Not all of North by Northwest is as good as this. The film is ridiculously long (two and a quarter hours), and inevitably there are passages, mostly those involving the equivocal heroine, in which the action drags and no adequate substitute is offered. Motivation, here, scarcely counts: even the situation of the girl involved with, and herself spying on, the enemy agent is brushed aside. Hitchcock explored this one, up to a point, in Notorious; here he merely states it.
An advantage of these paper-thin characters, though, is that they can be used for humour, which would be redundant if the film even pretended to take its adventures at more than their face value. The advertising man, for instance, takes his mother, acidly argumentative and missing her bridge party, along with him on a detective expedition.

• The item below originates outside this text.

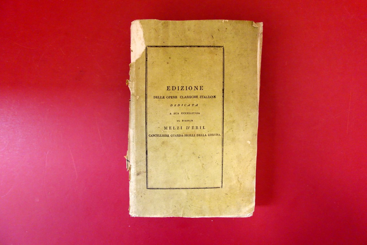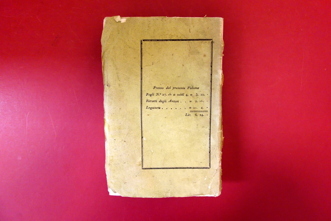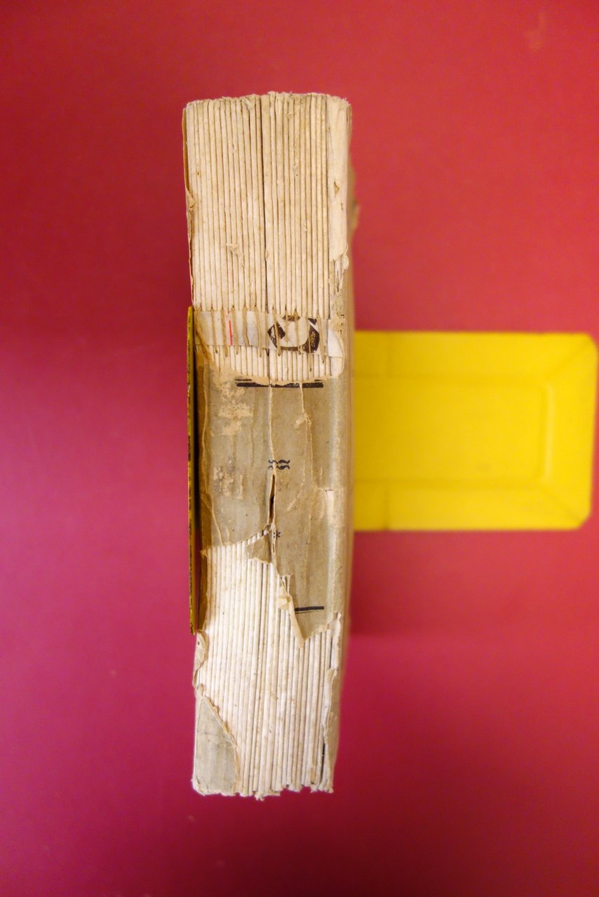 Complessivamente in buone condizioni con tracce d'uso e leggeri segni del tempo; dorso in larga parte mancante con conseguente leggero allentamento delle cuciture, ma esemplare complessivamente compatto; leggero foxing; cartoncino ed. con alcuni leggeri - lievi aloni e qualche leggera marginale ombra di gora, le quali coinvolgono anche i margini di alcune pagine senza provocare danni al testo.

A car chase, beginning with careful tension, ends in a ludicrous three car bumper-to-bumper pile-up.
Hitchcock’s early chase films had a zest he has never been able, or perhaps wanted, to recover. But the immense calculation that has gone into this film, the cheap joke so carefully timed, the suspense effect so gloatingly delayed, is the mark of the ultimate in professionalism. And there is something to be said for a film that never puts a foot wrong without making one feel that even the false step is a deliberate one.